Extreme high-temperature events (hereafter ETEs), defined as rare and extreme anomalies in the historical distribution of temperature, can drive loss of local species, altering the biological diversity of landscapes. Research demonstrates that both the maximum temperature and rate of increase in temperature (rate) can play a role in determining whether a species survives a particular ETE. Less well understood is the effect that rate has on order of species loss and total possible variation in ecological outcomes resulting from ETEs. Are there combinations of surviving species possible under one rate that are not possible under another rate, regardless of the maximum temperature that is reached? If so, different rates of increase in temperature can drive rate-specific order of species loss and combinations of surviving species, increasing the total possible number of species combinations resulting from ETEs (across all combinations of rate and maximum temperature), and increasing the total possible degree of spatiotemporal variability (heterogeneity) in community composition observed in nature.

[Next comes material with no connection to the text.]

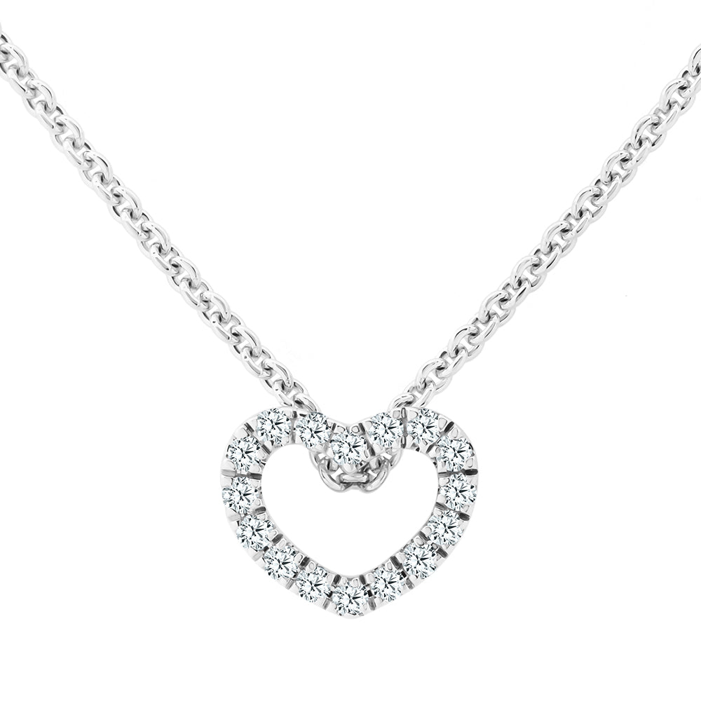 Claw Set Diamond Heart Pendant Necklace With 9ct White Gold Chain

We exposed an experimental freshwater microcosm of four rotifers and six protists in long term coexistence (>4 years) to a 22°C increase in temperature at three rates differing by more than two orders of magnitude (+ 0.5°C hour-1, +0.5°C day-1, and +0.5°C week-1). We recorded the identify of surviving species every 0.5°C, allowing us to both observe the order of species loss and generate a table of surviving species combinations (from the temperature at which the first species was lost until the temperature at which the last species was lost).
Results/Conclusions
Order of loss of species from the community within each of the three rates of increase in temperature was highly consistent (nonrandom). Rate significantly affected order of loss, driving rate-specific combinations of survivors at different points in community disassembly. Differences in order of loss were driven primarily by the effect of rate on three of the ten species examined. Seven species largely retained their average relative (to each other) positions within the overall pattern of loss across the three rates. This provides evidence that the shape of rate response functions (i.e., the function describing the relationship between rate and mean temperature of loss) for many coexisting species can be remarkably similar across an extraordinary range of rate. Results from this study represent a novel contribution to our understanding of role of extreme temperature fluctuation (i.e. environmental stochasticity) in structuring community composition in natural systems across space and time.